GS is common, with many series placing its prevalence as high as 8%. Males predominate over females by reported ratios ranging from 1.5:1 to >7:1. However, these ratios may have a large artifactual component since normal males have higher mean bilirubin levels than normal females, but the diagnosis of GS is often based on comparison to normal ranges established in men. The high prevalence of GS in the general population may explain the reported frequency of mild unconjugated hyperbilirubinemia in liver transplant recipients. The disposition of most xenobiotics metabolized by glucuronidation appears to be normal in GS, as is oxidative drug metabolism in the majority of reported studies. The principal exception is the metabolism of the antitumor agent irinotecan (CPT-11), whose active metabolite (SN-38) is glucuronidated specifically by bilirubin-UDP-glucuronosyltransferase. Administration of CPT-11 to patients with GS has resulted in several toxicities, including intractable diarrhea and myelosuppression. Some reports also suggest abnormal disposition of menthol, estradiol benzoate, acetaminophen, tolbutamide, and rifamycin SV. Although some of these studies have been disputed, and there have been no reports of clinical complications from use of these agents in GS, prudence should be exercised in prescribing them, or any agents metabolized primarily by glucuronidation in this condition. It should also be noted that the HIV protease inhibitors indinavir and atazanavir (Chap. 197) can inhibit UGT1A1, resulting in hyperbilirubinemia that is most pronounced in patients with preexisting GS.

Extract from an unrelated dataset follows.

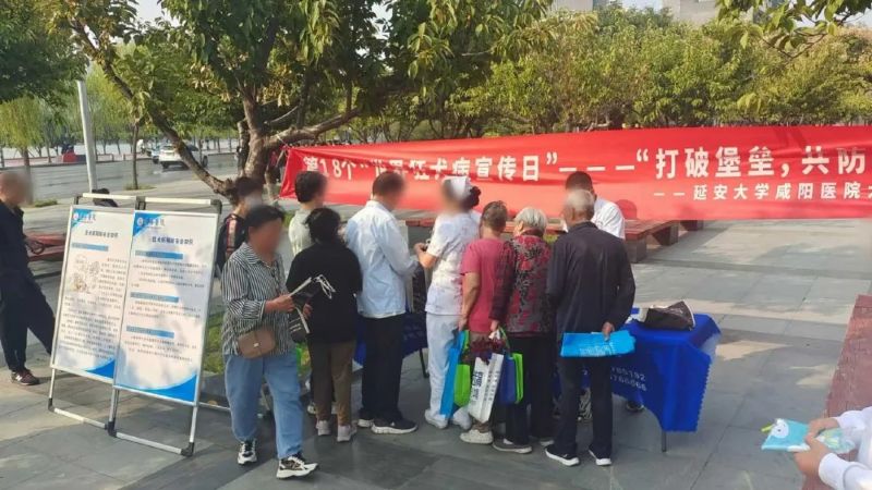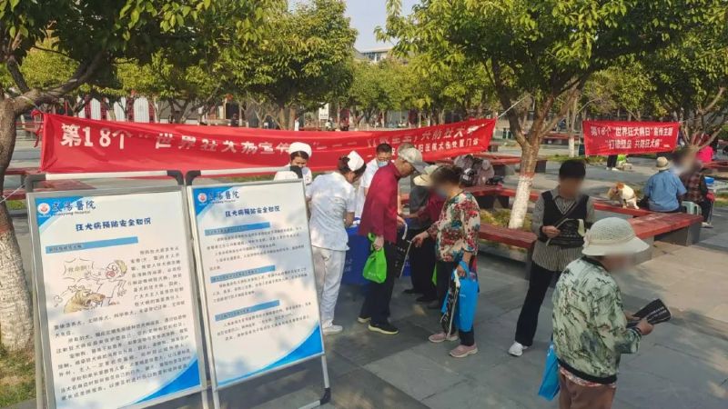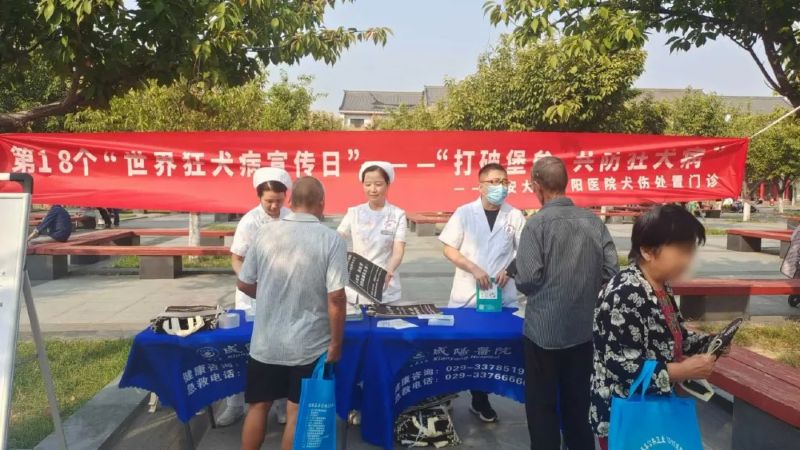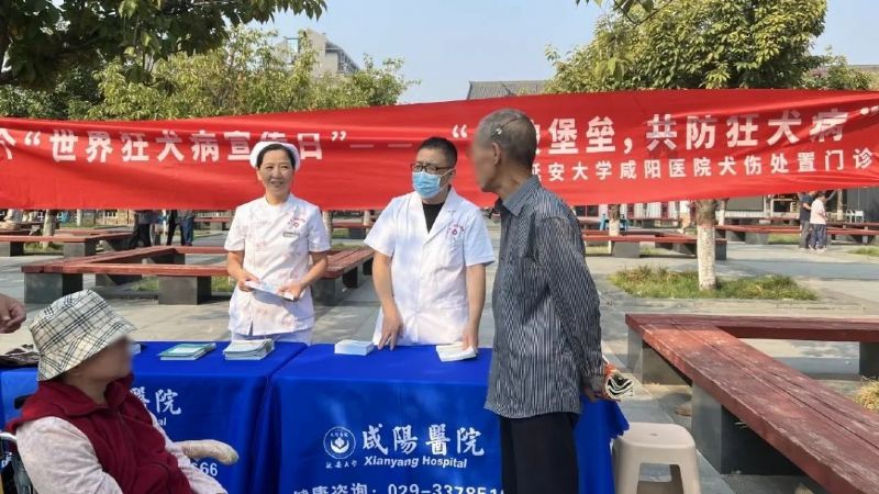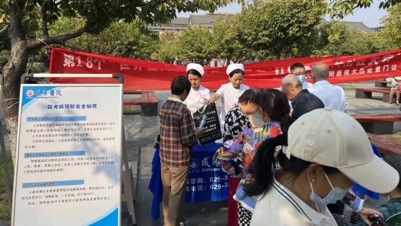 活動現場形式多樣,內容豐富,懸掛醒目主題橫幅,設立宣傳咨詢臺,精心布置了圖文并茂的知識海報,吸引了一波又一波市民駐足觀看與咨詢。延安大學咸陽醫院犬傷規范化處置門診醫護人員充分發揮專業優勢,通過現場互動方式講解展示、分發宣傳折頁以及面對面咨詢方式,向過往群眾詳細介紹了狂犬病的傳播途徑、危害及預防措施,特別強調了傷口處置和疫苗接種等暴露后規范處置的重要性。

Most older pedigree studies of GS were consistent with autosomal dominant inheritance with variable expressivity. However, studies of the UGT1 gene in GS have indicated a variety of molecular genetic bases for the phenotypic picture and several different patterns of inheritance. Studies in Europe and the United States found that nearly all patients had normal coding regions for UGT1A1, but were homozygous for the insertion of an extra TA (i.e., A[TA]7TAA rather than A[TA]6TAA) in the promoter region of the first exon. This appeared to be necessary, but not sufficient, for clinically expressed GS, since 15% of normal controls were also homozygous for this variant. While normal by standard criteria, these individuals had somewhat higher bilirubin concentrations than the rest of the controls studied. Heterozygotes for this abnormality had bilirubin concentrations identical to those homozygous for the normal A[TA]6TAA allele. The prevalence of the A[TA]7TAA allele in a general Western population is 30%, in which case 9% would be homozygotes. This is slightly higher than the prevalence of GS based on purely phenotypic parameters. It was suggested that additional variables, such as mild hemolysis or a defect in bilirubin uptake, might be among the factors enhancing phenotypic expression of the defect.
Phenotypic expression of GS due solely to the A[TA]7TAA promoter abnormality is inherited as an autosomal recessive trait. A number of CN-II kindreds have been identified in whom there is also an allele containing a normal coding region but the A[TA]7TAA promoter abnormality. CN-II heterozygotes, who have the A[TA]6TAA promoter, are phenotypically normal, whereas those with the A[TA]7TAA promoter express the phenotypic picture of GS. GS in such kindreds may also result from homozygosity for the A[TA]7TAA promoter abnormality. Seven different missense mutations in the UGT1 gene that reportedly cause GS with dominant inheritance have been found in Japanese individuals. Another Japanese patient with mild unconjugated hyperbilirubinemia was homozygous for a missense mutation in exon 5. GS in her family appeared to be recessive.